What this API does
AssemblyAI provides a robust speech-to-text API that transforms audio and video content into accurate, searchable text. Key features include speaker diarization for identifying different speakers, sentiment analysis for understanding emotional tone, and large language model powered summaries that condense lengthy transcripts.
How it works
Developers can upload pre-recorded audio and video files or stream live audio for transcription. The API supports RESTful endpoints, returning responses in JSON format to facilitate integration with various programming environments. This API is adaptable for applications in media, customer service, and healthcare.
Authentication
To access the AssemblyAI API, developers need to sign up for an API key.

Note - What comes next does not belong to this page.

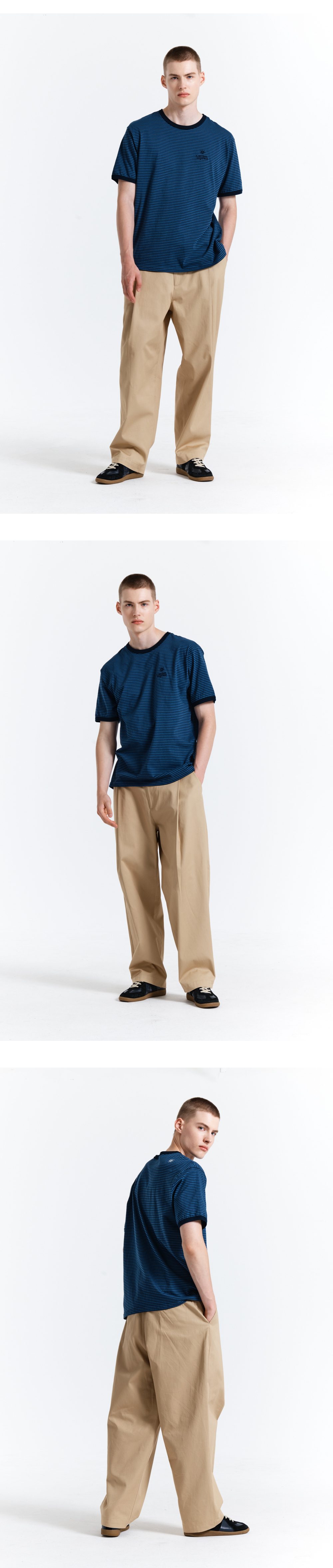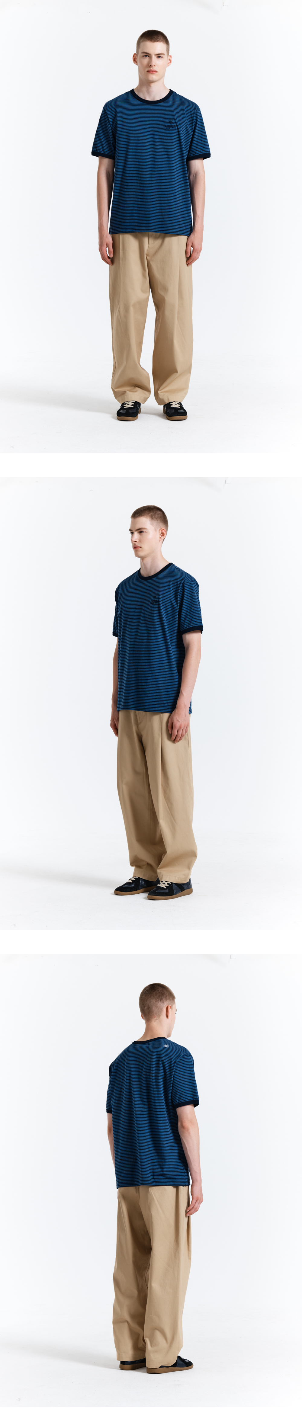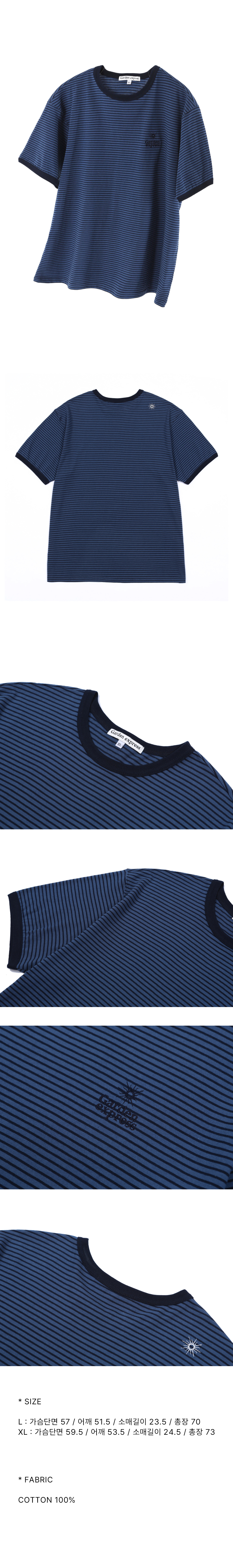 - 가든익스프레스의 로고와 심볼이 심플하게 자수처리된 반팔 티셔츠입니다. - 잔 스트라이프로 부담스럽지 않고 편안하게 착용할 수 있으며, 은은한 블루 X네이비 스트라이프의 고급스러운 컬러감이 여름철 단품 착용시에도 포인트를 살려줍니다. - 넥라인과 소매라인을 랍바처리하여 세탁시 변형이 적습니다. - 20수의 여름철에 알맞은 두께감에 탄탄한 소재로 몸의 실루엣을 과하게 드러내지 않아 편안하게 착용할 수 있습니다. - 뒷면 어깨에 심볼 로고를 자수처리했습니다.

This key must be included in the headers of API requests for authentication and tracking.
Example usage
POST /v2/transcript- Submits audio or video for transcription.GET /v2/transcript/{id}- Retrieves the transcription result based on the transcript ID.POST /v2/diarize- Requests speaker diarization on an audio file.
Limits
Limits on transcription duration and request frequency may apply; however, specific values are not documented. It's advisable to monitor usage to avoid exceeding any unspecified limits.
Ideal use cases
- Building applications for media transcription and analysis.
- Creating customer support tools that analyze call sentiments.
- Developing educational platforms with transcribed lectures.
- Integrating voice-to-text features in healthcare applications.